Friday, October 26, 2018

Lurch Left

In Defying the Odds, we discuss the Sanders candidacy and the leftward drift of the Democratic Party.

Thomas B. Edsall at NYT:
A widely circulated report issued earlier this month provides further detail on the liberal wing of the Democratic Party. The study, “Hidden Tribes: A Study of America’s Polarized Landscape,” was produced by a group called More In Common, which says it seeks “to build communities and societies that are stronger, more united and more resilient to the increasing threats of polarization and social division.”
The report identified the most liberal constituency as “progressive activists,” a constituency that is expected to make up a quarter of Democratic voters this year, according to Stephen Hawkins, research director at More In Common.
These voters stand apart with “the highest levels of education and socioeconomic status” of all the groups studied. They are “highly sensitive to issues of fairness and equity in society, particularly with regards to race, gender and other minority group identities.” In addition, a third of progressive activists view political correctness as having gone too far, compared with 80 percent of the population as a whole.
There are a number of other areas where progressive activists differ from the average American, according to the More in Common study. Progressive activists are “more than twice as likely to say that they never pray (50 percent to 19 percent), “almost three times more likely to be ‘ashamed to be an American’ ” (69-24), eleven percentage points more likely to be white (80-69), and “twice as likely to have completed college (59-29).
Goldberg, the doctoral candidate at Georgia State University, has documented the changing character of the Democratic electorate in a working paper, “The 2016 Election and the Left’s Lurch Left.”
Using American National Election Studies data, Goldberg found that among white liberal women, the share identifying themselves as “feminist” rose from 45 percent in 1992 to 83 percent in 2016. For white liberal men, the percentage saying they were feminists grew from 34 to 59 percent.
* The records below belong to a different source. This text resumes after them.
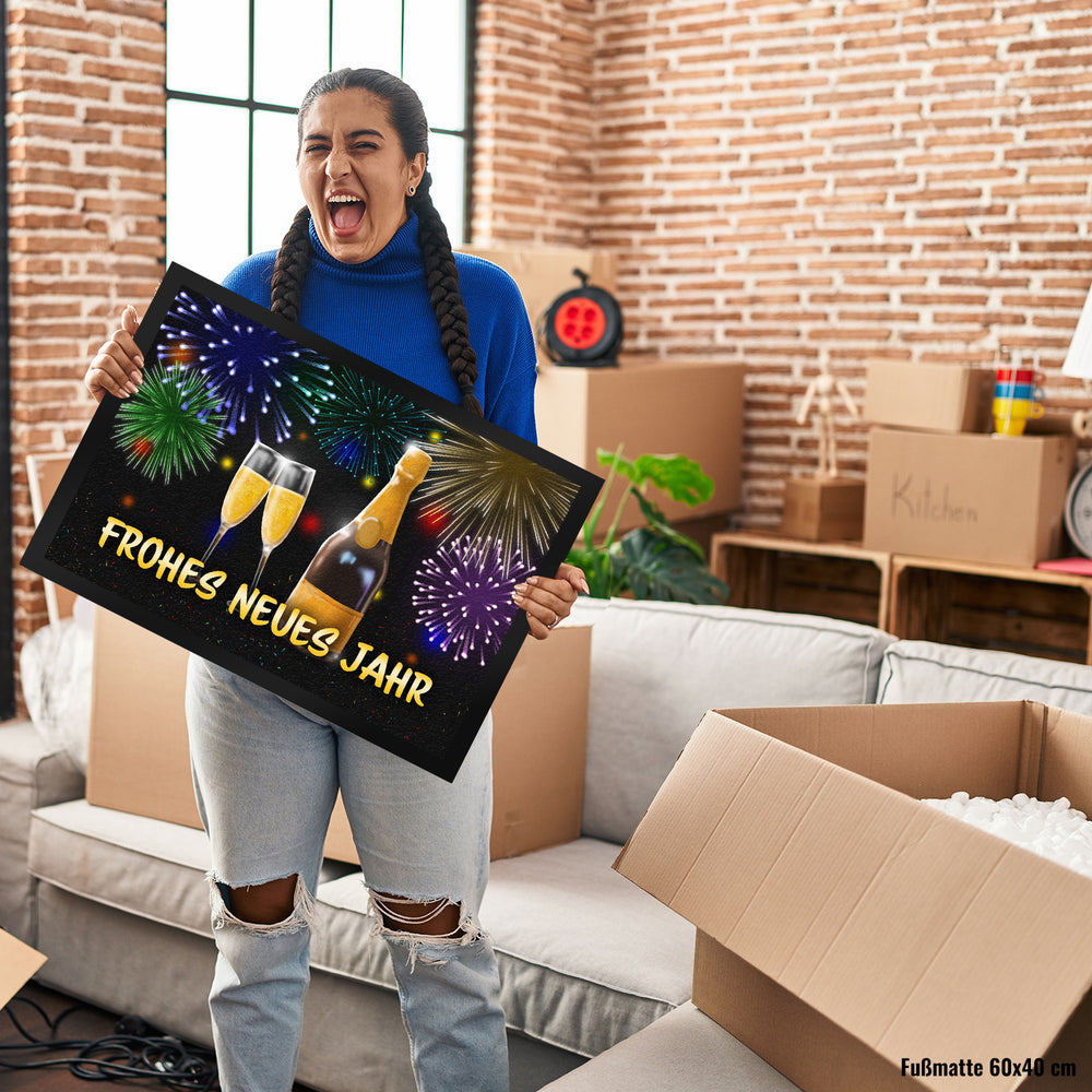 Frohes neues Jahr Fußmatte mit Sekt und Feuerwerk
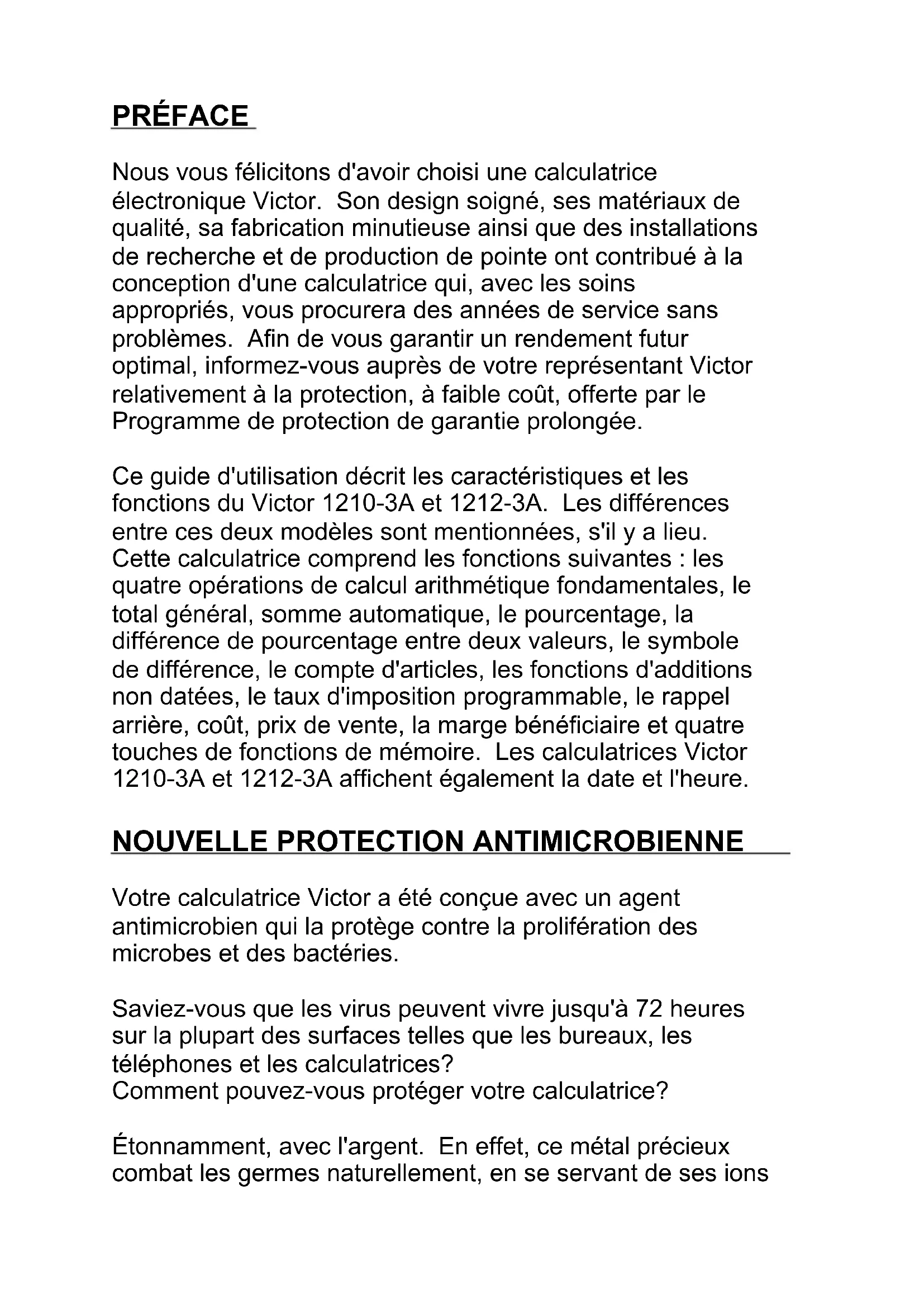 Nous vous félicitons d'avoir choisi une calculatrice électronique Victor. Son design soigné, ses matériaux de qualité, sa fabrication minutieuse ainsi que des installations de recherche et de production de pointe ont contribué à la conception d'une calculatrice qui, avec les soins appropriés, vous procurera des années de service sans problèmes. Afin de vous garantir un rendissement futuro optimal, informez-vous auprès de votre représentant Victor relativement à la protection, à faible coût, offerte par le Programme de protection de garantie prolongée.
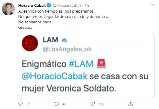 Luego de sus dichos, Ángel de Brito lanzó esta mañana una bomba en LAM. "Quien se casa con su mujer, hace rato que están, es Horacio Cabak. Horacio Cabak se casa con Verónica Soldato", informó. La noticia generó sorpresa en todos los presentes y Pía Shaw, señaló: "No lo esperaba. Muchas veces le pregunté el año pasado a él si tenía ganas de casarse... Ella sí tenía muchas ganas de casarse".
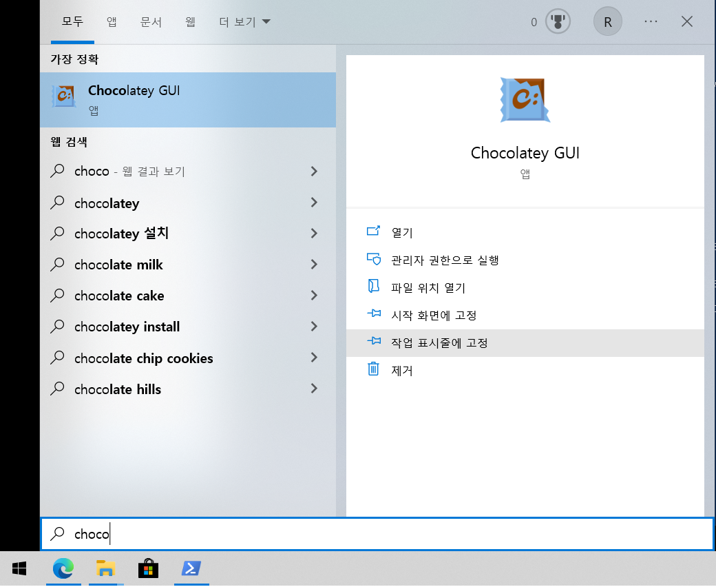 윈도우 버튼을 누른 후 Chocolatey를 차례로 입력하다 보면 아래와 같은 프로그램이 나옵니다.

Thursday, October 25, 2018

Fundraising Picture for the House

In Defying the Odds, we discuss congressional elections as well as the presidential race.  Campaign finance is a big part of the story.

Michael Malbin at The Campaign Finance Institute:
Democratic Challengers and Candidates in Competitive Elections: Filing to run is only the first step of a long process. To run a strong campaign, you have to raise enough money to get your message across to voters. In 2018, the raw enthusiasm of Democratic candidates for running has been backed by the enthusiasm of their donors. Figure 2 displays fundraising through September 30 for House Democratic and Republican challengers in general elections since 2004.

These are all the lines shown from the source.